No. El escritor no ha sentido deseos de escribir. Hizo lo que todo el mundo: detrás de barbijo y máscara, una vez a la semana compró algo para comer en el supermercado; a veces despachó el trabajo desde casa, las listas, las planillas, y a veces, cuando fue estrictamente necesario, asistió o consoló a quien lo necesitaba; buscó consuelo cuando le hacía falta. Vio series de televisión y leyó: nada de clásicos, ni Kant o Schopenhauer, ni La peste de Camus, ni Marx ni mucho menos Maquiavelo. Sólo ficción liviana que llevaba mucho tiempo queriendo leer y postergando, novelas policíacas argentinas, polacas, italianas, norteamericanas. Leídas, por otra parte, con poca atención, distraído por la tentación de enviar un mensaje de whatsapp a un amigo de quien no sabía nada desde hacía tres días o seguir enroscado en esa maldita discusión que calentó la pantalla en la última reunión virtual.
El escritor observó largamente a los cuadrúpedos con los que convive y obtuvo de su contemplación, de la suavidad de sus pelajes, de sus resignadas reclusiones y del espectáculo de su tranquilidad, un consuelo infinito.
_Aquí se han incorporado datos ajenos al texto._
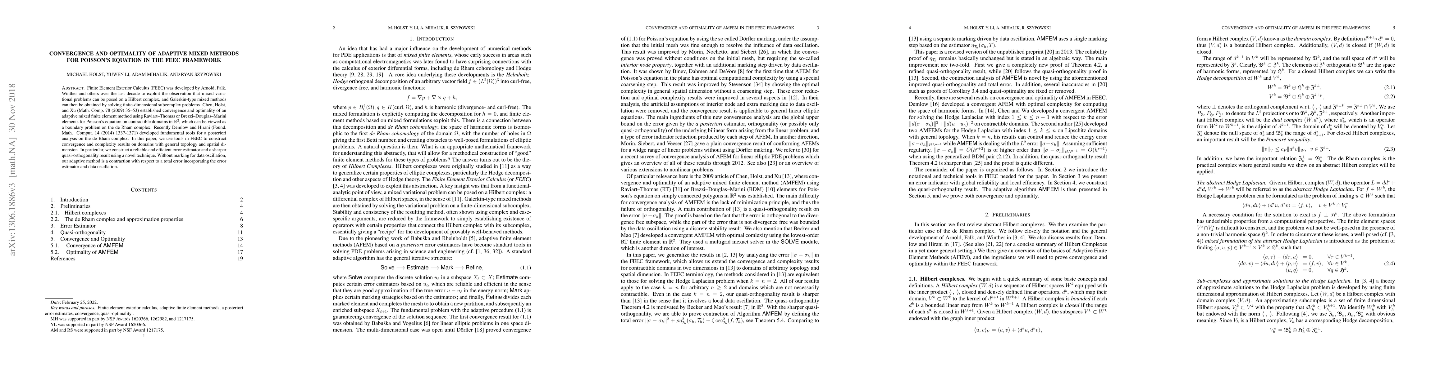 This paper extends the convergence and optimality of adaptive mixed finite element methods for Poisson's equation within the Finite Element Exterior Calculus (FEEC) framework, providing reliable error estimators and sharper quasi-orthogonality results for domains with general topology and dimensions. The adaptive method is shown to be a contraction concerning total error, including data oscillation.
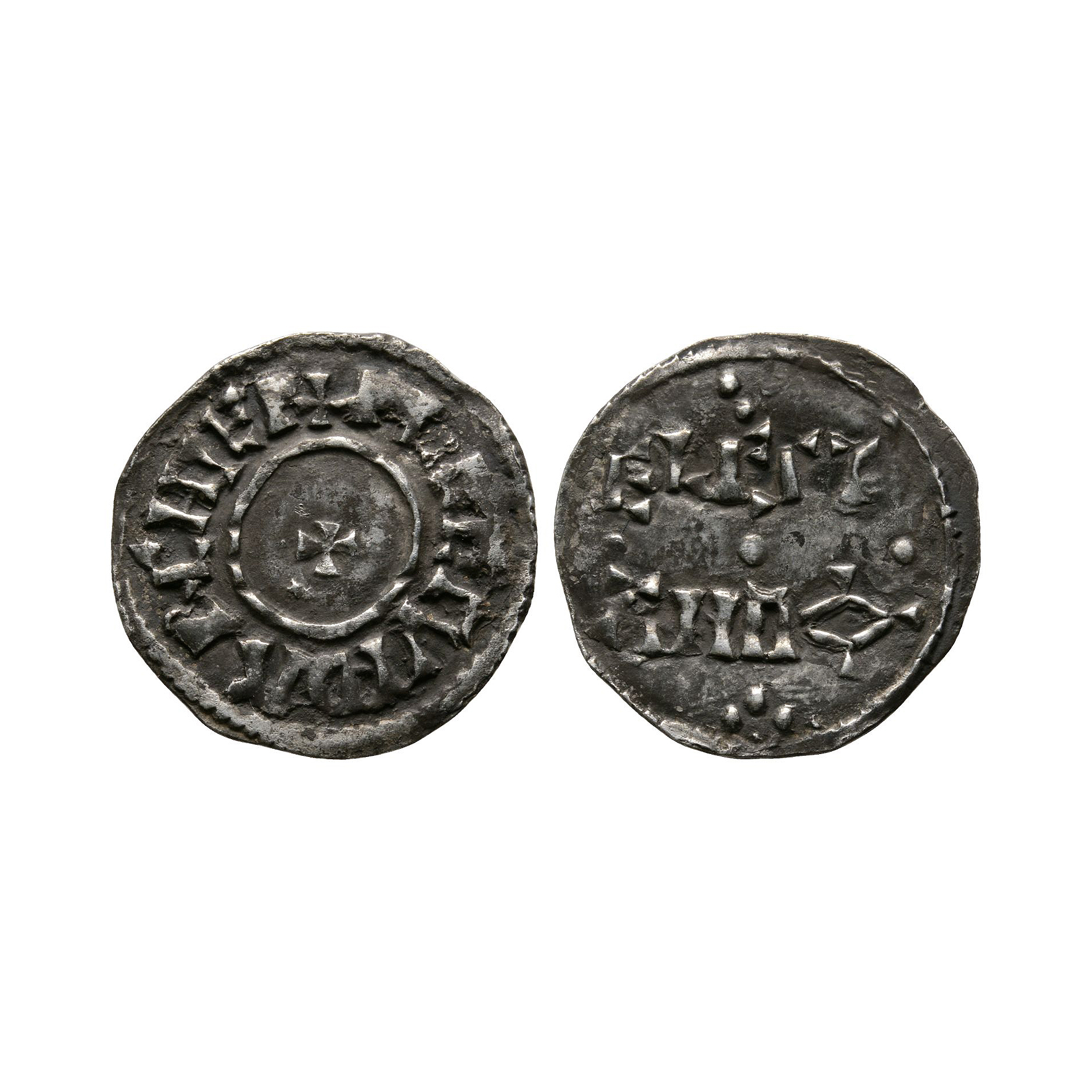 Class 1. Obv: small cross with +PLEGMVND ARCHIEP legend. Rev: pellet trefoil above and below ELFS / TAN in two lines with three crosses between for the moneyer Elfstan. 1.43 grams, 20 mm.

El confinamiento no me habrá hecho ni mejor ni peor escritor. No habrá despertado la menor inspiración en mí. Más bien ha suscitado, en este estado, el deseo de seguir viviendo como vivía antes. La cuarentena no me ha afectado como escritor sino como ser humano. No tuve la necesidad de escribir algo al respecto.
En estos días se ha agigantado una convicción en silencio. Aprendí que cuando pongan de nuevo en marcha la bomba del dinero, la que contamina, envenena, deforesta y mata, sería importante no olvidarnos de construir una red de fraternidades más grande que los sistemas de contención que existen por estos días, grande como el conjunto de los rosarinos, su territorio y esperanzas.
Tantos años de capitalismo no pueden haber borrado la huella de los lazos ancestrales que nos unen como especie y sociedad humana. Y la unión nos aleja del pánico.
Después voy a necesitar algún tiempo para seleccionar mis emociones, otro tiempo para reconectarme con la belleza de la vida, para volver a encontrar el equilibrio, el deseo y el gusto. Y entonces sí, tal vez, volver a escribir.